The problem:
Write out the data below in full, unchanged, minus the images.

━━ Collected material

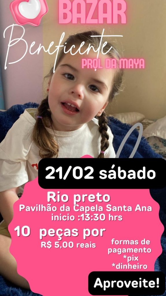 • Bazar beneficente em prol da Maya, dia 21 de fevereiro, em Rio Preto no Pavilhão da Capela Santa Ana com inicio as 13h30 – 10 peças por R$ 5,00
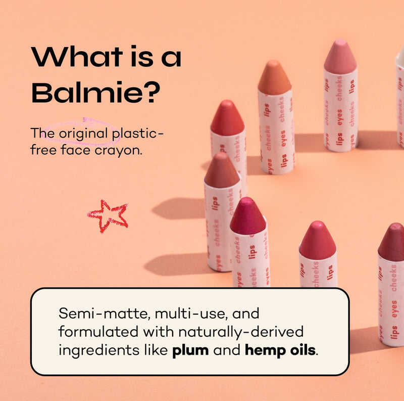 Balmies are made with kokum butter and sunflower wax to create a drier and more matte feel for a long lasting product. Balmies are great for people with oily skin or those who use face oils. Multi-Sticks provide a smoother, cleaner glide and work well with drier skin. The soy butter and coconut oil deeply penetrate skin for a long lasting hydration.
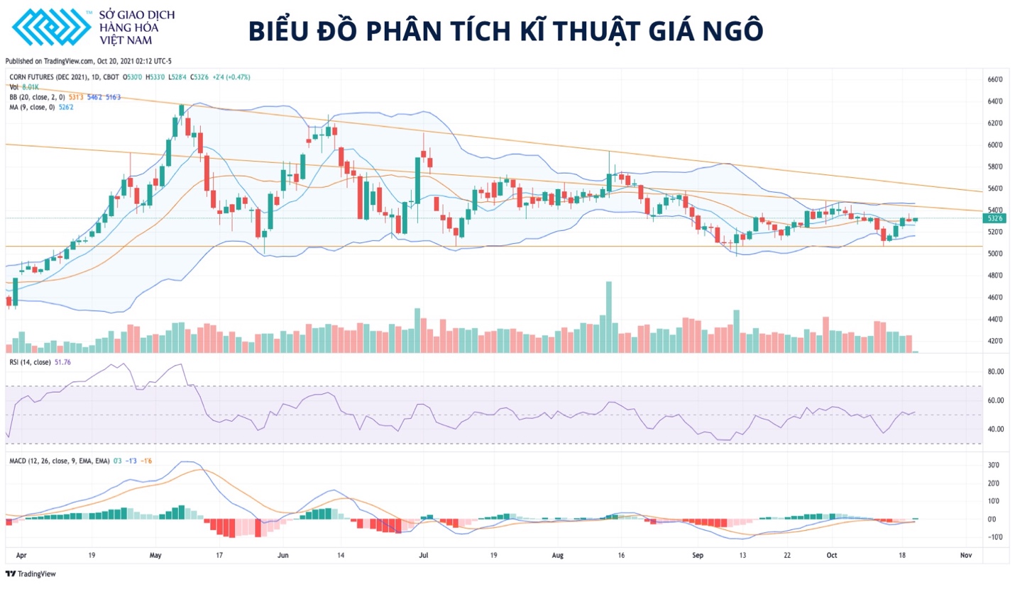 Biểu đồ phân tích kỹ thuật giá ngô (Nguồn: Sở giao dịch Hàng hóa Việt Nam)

━━━━

Answer below:
 • Bazar beneficente em prol da Maya, dia 21 de fevereiro, em Rio Preto no Pavilhão da Capela Santa Ana com inicio as 13h30 – 10 peças por R$ 5,00
 Balmies are made with kokum butter and sunflower wax to create a drier and more matte feel for a long lasting product. Balmies are great for people with oily skin or those who use face oils. Multi-Sticks provide a smoother, cleaner glide and work well with drier skin. The soy butter and coconut oil deeply penetrate skin for a long lasting hydration.
 Biểu đồ phân tích kỹ thuật giá ngô (Nguồn: Sở giao dịch Hàng hóa Việt Nam)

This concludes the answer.